**Data for analysis:**
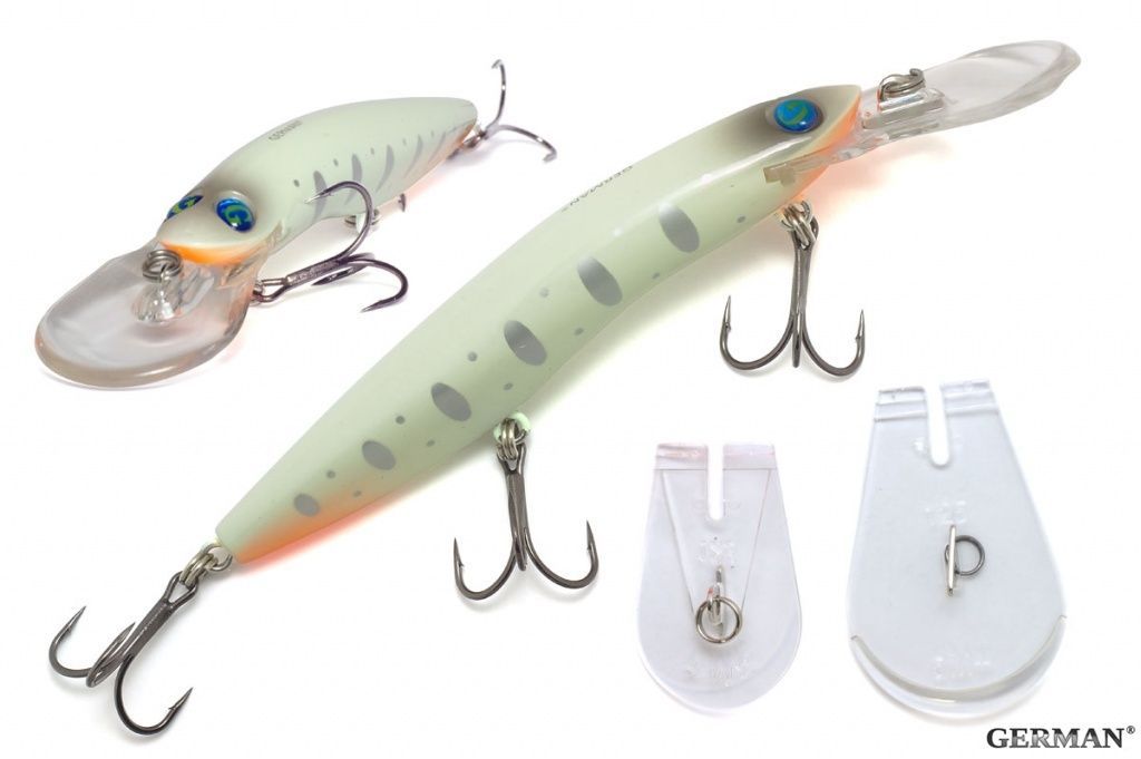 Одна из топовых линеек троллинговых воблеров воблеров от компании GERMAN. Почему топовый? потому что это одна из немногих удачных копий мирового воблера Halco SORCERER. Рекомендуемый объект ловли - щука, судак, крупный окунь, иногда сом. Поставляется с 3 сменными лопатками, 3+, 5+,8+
* * *
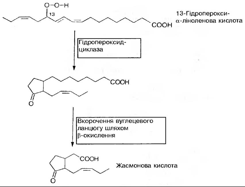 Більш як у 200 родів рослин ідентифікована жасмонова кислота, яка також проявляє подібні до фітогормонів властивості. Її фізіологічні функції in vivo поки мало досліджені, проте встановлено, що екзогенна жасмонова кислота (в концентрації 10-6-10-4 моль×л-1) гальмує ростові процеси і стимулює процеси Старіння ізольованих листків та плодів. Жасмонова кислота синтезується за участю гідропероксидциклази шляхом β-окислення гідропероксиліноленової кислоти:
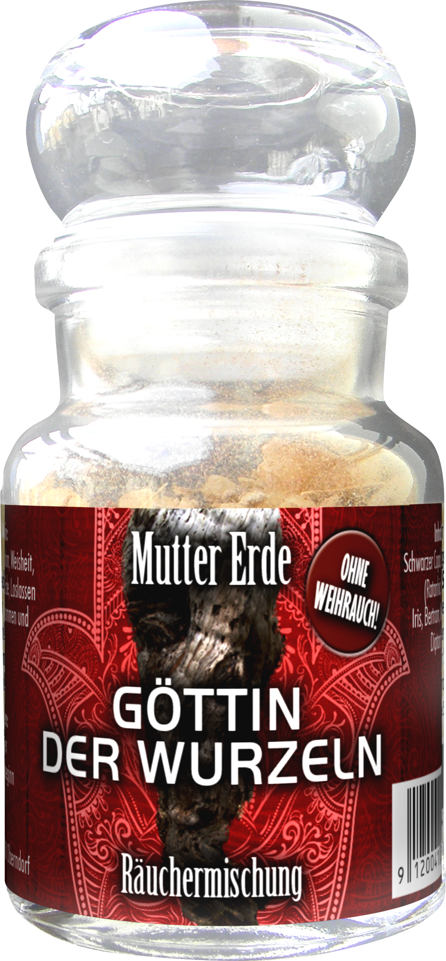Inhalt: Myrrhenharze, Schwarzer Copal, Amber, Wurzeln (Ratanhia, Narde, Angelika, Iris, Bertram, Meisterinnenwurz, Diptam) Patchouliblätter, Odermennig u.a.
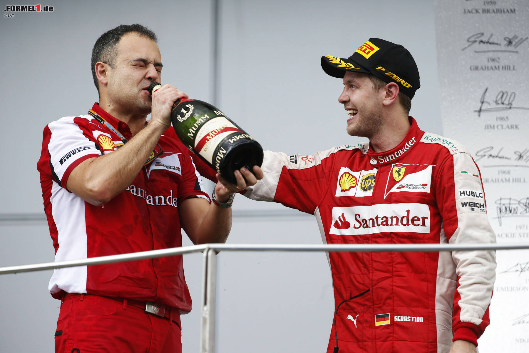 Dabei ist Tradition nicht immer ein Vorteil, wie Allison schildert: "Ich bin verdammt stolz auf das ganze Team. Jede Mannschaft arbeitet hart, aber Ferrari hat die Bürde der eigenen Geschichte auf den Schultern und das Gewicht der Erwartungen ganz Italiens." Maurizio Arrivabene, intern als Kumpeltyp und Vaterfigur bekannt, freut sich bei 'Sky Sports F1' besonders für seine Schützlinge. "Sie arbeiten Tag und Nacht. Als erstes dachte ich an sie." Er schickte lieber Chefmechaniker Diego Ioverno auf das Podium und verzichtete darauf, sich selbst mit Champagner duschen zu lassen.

**Work instruction:** The lines to copy exactly start with the line above that has "Inhalt: Myrrhenharze, Schwarzer" and go on through the line that has "Dabei ist Tradition"; please include both, add nothing else, and omit the pictures.

**Answer to the problem:**
Inhalt: Myrrhenharze, Schwarzer Copal, Amber, Wurzeln (Ratanhia, Narde, Angelika, Iris, Bertram, Meisterinnenwurz, Diptam) Patchouliblätter, Odermennig u.a.
 Dabei ist Tradition nicht immer ein Vorteil, wie Allison schildert: "Ich bin verdammt stolz auf das ganze Team. Jede Mannschaft arbeitet hart, aber Ferrari hat die Bürde der eigenen Geschichte auf den Schultern und das Gewicht der Erwartungen ganz Italiens." Maurizio Arrivabene, intern als Kumpeltyp und Vaterfigur bekannt, freut sich bei 'Sky Sports F1' besonders für seine Schützlinge. "Sie arbeiten Tag und Nacht. Als erstes dachte ich an sie." Er schickte lieber Chefmechaniker Diego Ioverno auf das Podium und verzichtete darauf, sich selbst mit Champagner duschen zu lassen.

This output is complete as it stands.